Category Archives: small town USA

Celtic Connections

Jack’s weekly guest blog ruminates on the connective threads of here, there, then, and now

Now that we’re back from Wisconsin, things are beginning to get busy around here. And they appear to be taking on a British Isles tinge, I might add.

Yesterday I started teaching a series of five weekly classes on Scottish ballads and folk songs at the Higher Ed Center in Abingdon. This is always enjoyable and I’ve been doing it semi-annually for a few years now.

At the same time I am gearing up for the annual small group tour that I conduct around Scotland every year at the end of June. Everything is pretty much in place as I write this. The tour is another ‘labor of love’ – something I enjoy doing that ends up introducing me to a most interesting and diverse group of people. Since I always go over a few days before the tour starts, I get to catch up with friends and family. This year Wendy will finally be joining me after it ends, something we’ve been hoping for since I started this crazy venture eight years ago.

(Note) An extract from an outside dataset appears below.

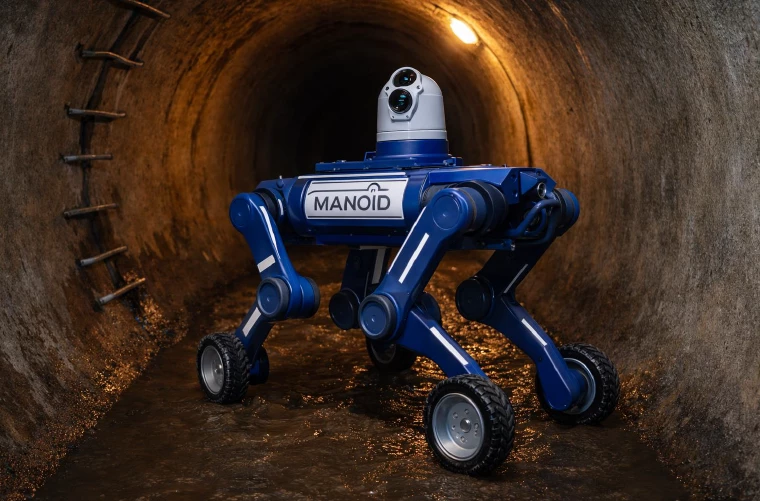MANOÏD propose un service d’inspection, de reconnaissance et de surveillance à distance des zones techniques complexes via le déploiement du robot métier tout-terrain MANOID MQ02, en mode autonome ou téléopéré. La prestation démarre par un cadrage opérationnel (objectifs de contrôle, zones à couvrir, contraintes d’accès, exigences HSE), puis par la préparation mission (choix des capteurs et BackPacks, paramétrage réseau, plan de navigation, tests de liaison). Sur site, le MQ02 réalise une reconnaissance avant engagement humain, avec transmission d’images et de données en temps réel par RF, permettant de valider l’état d’un ouvrage, détecter des anomalies visibles et décider d’une intervention ciblée. Le robot est conçu pour les environnements humides, poussiéreux et contraints grâce à son indice IP66 et sa plage de fonctionnement de -20 °C à +55 °C. Il franchit des marches jusqu’à 25 cm, des obstacles jusqu’à 80 cm, des pentes jusqu’à 45° et des passages confinés de 50 cm, ce qui réduit le recours aux engins lourds et limite les interruptions d’exploitation. La navigation s’appuie sur un LiDAR 96 lignes, une vision périphérique par nuage de points et un évitement d’obstacles omnidirectionnel, pour évoluer en galeries, réseaux visitables, stations d’épuration et sites industriels. La continuité de service est renforcée par 2 batteries échangeables à chaud, offrant jusqu’à 2,5 h d’autonomie avec matériel, avec un temps de charge de 1,5 à 2 h par batterie. Le MQ02 accepte une charge utile jusqu’à 15 kg et reste compact (820 × 430 × 570 mm) pour un déploiement rapide. Les données sont stockées localement (128GB, RAM 16GB) et les mises à jour à distance (OTA) garantissent un parc maintenu sans immobilisation prolongée. Différenciation : une solution réellement terrain, étanche et modulaire, combinant autonomie, téléopération, franchissement et continuité énergétique, pour diminuer l’exposition des agents, fiabiliser la prise de décision et accélérer les diagnostics avant intervention.

On top of that, as one of the group that organizes Big Stone Celtic (Sept 26 and 27, so mark your calendars!) I’m beginning to put together the program. For the first time we have an internationally famous headliner, Barbara Dickson, making her debut this side of the Atlantic, so I’m in the throes of applying for her work visa – a steep learning curve! Who knew the American government would require so much paperwork?

Just in case that isn’t enough I continue to put together my weekly radio show Celtic Clanjamphry (known affectionately now as ‘ClanJam’). Now in its sixth year (whoda thunk it, as they say in Southwest Virginia) my ongoing quest is to cover as many of the Celtic Nations as possible via music ancient and modern.

And finally, of course there are our regular bookstore events. Irish storyteller (and our good friend) Liz Weir will be the centerpiece of our evening of Irish stories and food tonight. Second Story Cafe owner Kelley is preparing Beef and Guinness pie, Colcannon and Apple Crumble to complete the Irish feast.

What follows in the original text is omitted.